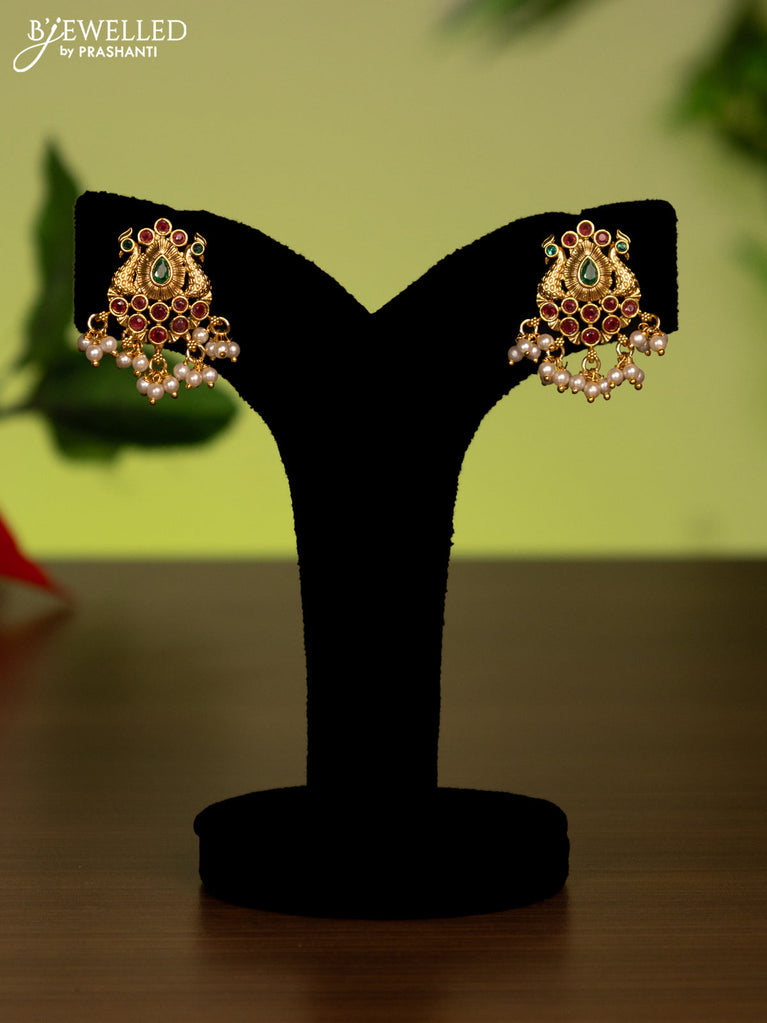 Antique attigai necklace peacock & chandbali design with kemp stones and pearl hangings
--
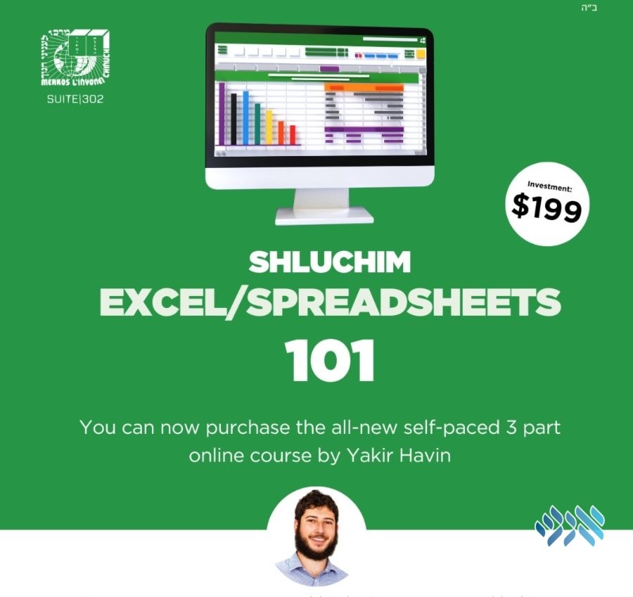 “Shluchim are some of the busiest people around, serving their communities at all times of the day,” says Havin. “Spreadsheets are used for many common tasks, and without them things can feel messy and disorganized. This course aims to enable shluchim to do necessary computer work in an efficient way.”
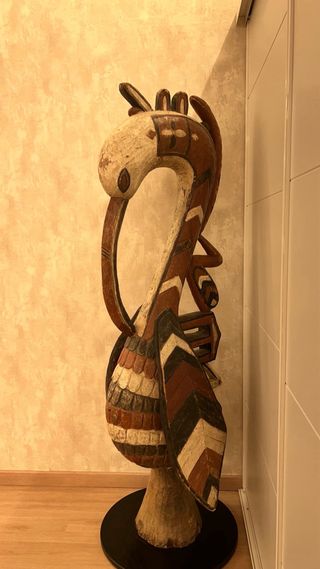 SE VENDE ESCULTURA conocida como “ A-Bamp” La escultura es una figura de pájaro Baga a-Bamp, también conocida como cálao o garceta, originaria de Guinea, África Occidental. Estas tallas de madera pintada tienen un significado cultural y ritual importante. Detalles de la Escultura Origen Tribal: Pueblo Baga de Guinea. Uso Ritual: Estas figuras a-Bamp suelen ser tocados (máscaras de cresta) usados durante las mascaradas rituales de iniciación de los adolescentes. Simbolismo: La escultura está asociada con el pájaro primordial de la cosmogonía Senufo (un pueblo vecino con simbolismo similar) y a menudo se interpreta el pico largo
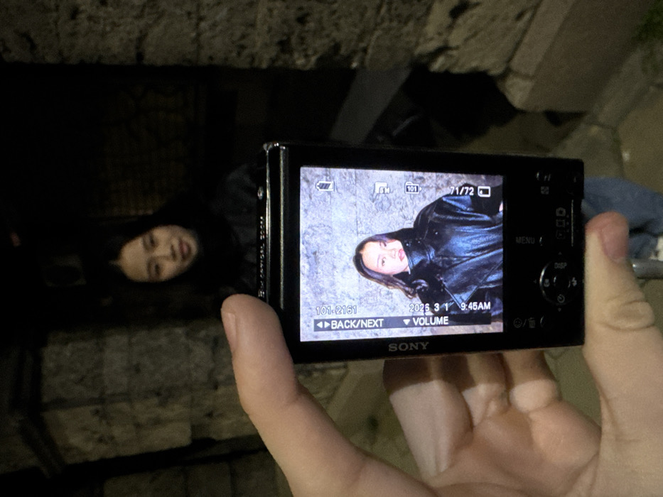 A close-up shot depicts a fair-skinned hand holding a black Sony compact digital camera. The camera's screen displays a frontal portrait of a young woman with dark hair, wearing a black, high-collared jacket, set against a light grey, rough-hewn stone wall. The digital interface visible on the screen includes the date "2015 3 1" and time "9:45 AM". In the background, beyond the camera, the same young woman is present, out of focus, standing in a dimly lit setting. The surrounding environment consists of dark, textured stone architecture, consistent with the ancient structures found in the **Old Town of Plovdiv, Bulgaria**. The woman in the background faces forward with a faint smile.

WORK TO BE COMPLETED » Using the records above, print exactly the lines between the ones containing "SE VENDE ESCULTURA" and "A close-up shot", inclusive, and nothing else; no pictures.

RESULT OF THE TASK »
 SE VENDE ESCULTURA conocida como “ A-Bamp” La escultura es una figura de pájaro Baga a-Bamp, también conocida como cálao o garceta, originaria de Guinea, África Occidental. Estas tallas de madera pintada tienen un significado cultural y ritual importante. Detalles de la Escultura Origen Tribal: Pueblo Baga de Guinea. Uso Ritual: Estas figuras a-Bamp suelen ser tocados (máscaras de cresta) usados durante las mascaradas rituales de iniciación de los adolescentes. Simbolismo: La escultura está asociada con el pájaro primordial de la cosmogonía Senufo (un pueblo vecino con simbolismo similar) y a menudo se interpreta el pico largo
 A close-up shot depicts a fair-skinned hand holding a black Sony compact digital camera. The camera's screen displays a frontal portrait of a young woman with dark hair, wearing a black, high-collared jacket, set against a light grey, rough-hewn stone wall. The digital interface visible on the screen includes the date "2015 3 1" and time "9:45 AM". In the background, beyond the camera, the same young woman is present, out of focus, standing in a dimly lit setting. The surrounding environment consists of dark, textured stone architecture, consistent with the ancient structures found in the **Old Town of Plovdiv, Bulgaria**. The woman in the background faces forward with a faint smile.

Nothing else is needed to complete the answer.